第7話

 寝る前まではわたしの四方だけだった草原が、何倍にも広がっている。

 それどころか、わたしが寄りかかって寝た枯木が、なんと……!


 青々とした葉を茂らせる、立派な樹に……!


 吹き抜ける風に、緑の草と青い葉っぱが、ツヤツヤの光とともに揺れている。

 わたしの頬を撫でていく風も、心なしか心地いい。


 すう、と深呼吸してみると……。

 いままでは鼻が取れちゃったみたいに、なんの匂いも感じなかったのに……。


 土の匂いと、草の匂いが鼻いっぱいに広がって……!


 わたしは村での生活を思い出し、いてもたってもいられなくなってしまった。

 そして、わたしの中にあった決意も、ピカピカに新しくなった気がする。



「よぉーし、やろうっ! この場所を、村にあった森みたいに、緑でいっぱいにするんだ!」



 わたしが大声を出したものだから、コビットさんたちはびっくりして「ピャア!?」と飛び起きてしまった。



「あっ、ゴメンゴメン。つい、興奮しちゃって……」



 しかしコビットさんたちは怒る様子もなく、わたしやユニちゃんの身体から起きだして、なぜかわたしの前に整列した。

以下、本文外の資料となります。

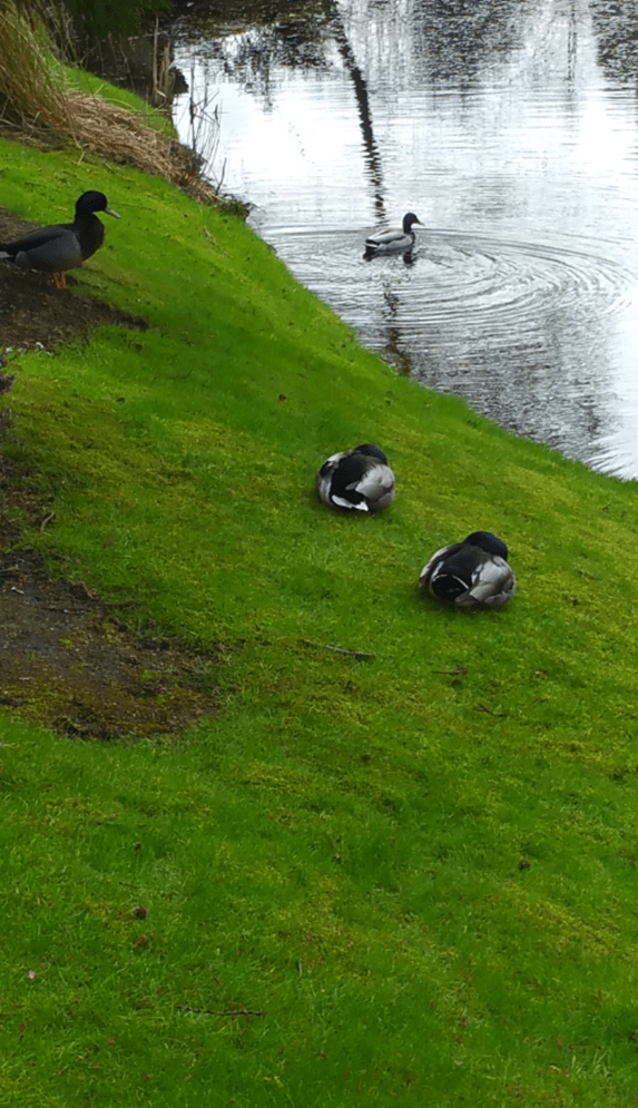 Wow! You guys are way ahead of us here across the pond…Still brown, dead and now white again 😦 Does the weather manipulation ever end? Those guys lined up on shore just didn’t want to take swim lessons, they wanted to sleep in late for the weekend….Better safe than sorry ‘duckies’…VK
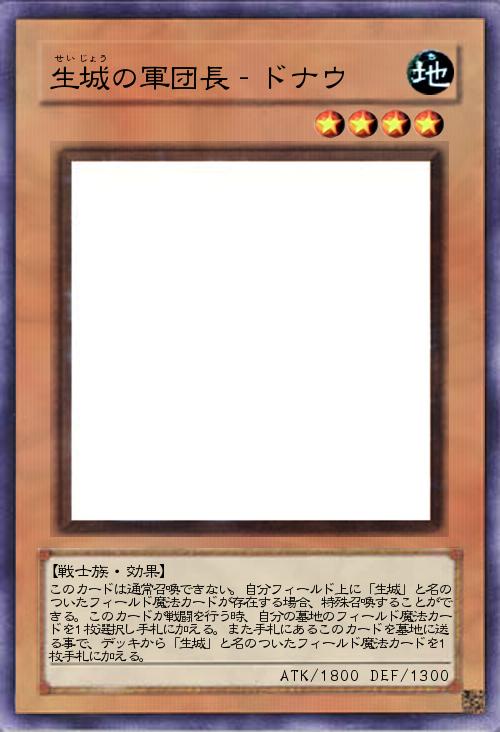 | このカードは通常召喚できない。自分フィールド上に「生城」と名のついたフィールド魔法カードが存在する場合、特殊召喚することができる。このカードが戦闘を行う時、自分の墓地のフィールド魔法カードを1枚選択し手札に加える。また手札にあるこのカードを墓地に送る事で、デッキから「生城」と名のついたフィールド魔法カードを1枚手札に加える。 | |||

 その数をなんとなく数えてみたら、ちょうど120人いた。


 120人ものコビットさんたちは、「わくわく」と顔に書いてありそうなほどの期待に満ちた表情で、わたしを見上げている。



「え、えーっと……。わたしは、なにをすればいいのかな?」



 240もの瞳でじっと見つめられて困惑したわたしは、つい目をそらしてしまう。

 その先には偶然、ずっとほっぽりっぱなしだった魔法の本があった。


 するとコビットたちはなにを勘違いしたのか、「ピャーピャー」言いながら、本の元に駆けていって……。

 みんなで力をあわせて、んしょ、んしょ、と本を持ち上げると、また「ピャーピャー」とわたしの所に戻ってきた。



「本を取ってきて欲しかったわけじゃないんだけど……でも、ありがとう」



 彼らの好意を無下にする気にもなれず、わたしは本を受け取った。

 なんとなく、開いてみると……。


 もう寝ぼけ眼なんてないのに、パッチリと目を見開いてしまった。



 お菓子魔女 パティ

 魔女レベル 6

 魔女ポイント のこり4


 キチント(1)

  魔法の杖を、調理器具に変形させられる。


 サット(1)

  手から砂糖を出す。


 シオン(0)

  手から食塩を出す。


 クモクモ(1)

  砂糖からわたがしを作る。


 ファーミング(0)

  コビットの能力を覚醒させる。


 ユニゴーンパワー(0)

  ユニゴーンの能力を覚醒させる。



「わっ!? 一気に4もレベルが上がってる!? それに、新しい呪文がふたつも増えてる!?」



 新しく増えたのは『ファーミング』と『ユニゴーンパワー』。

 そこでわたしははたと気付く。



「……もしかしてコビットさんたちは、『ファーミング』が欲しかったのかな?」



 それなら、本を持ってきてくれた理由も納得がいく。

 それにこんな可愛い子たちにせがまれたら、断れるわけがないよね。


 わたしはさっそく『ファーミング』を指でなぞって習得してみた。

 すると、目の前に並んだコビットさんたちの頭の上に、



 ……ぽぽぽぽぽーーーーーんっ!



 と、ランタンの明かりみたいな光が閃いた。

 どうやら『ファーミング』は呪文じゃなくて、ポイントを振った時点で効果が出るみたいだ。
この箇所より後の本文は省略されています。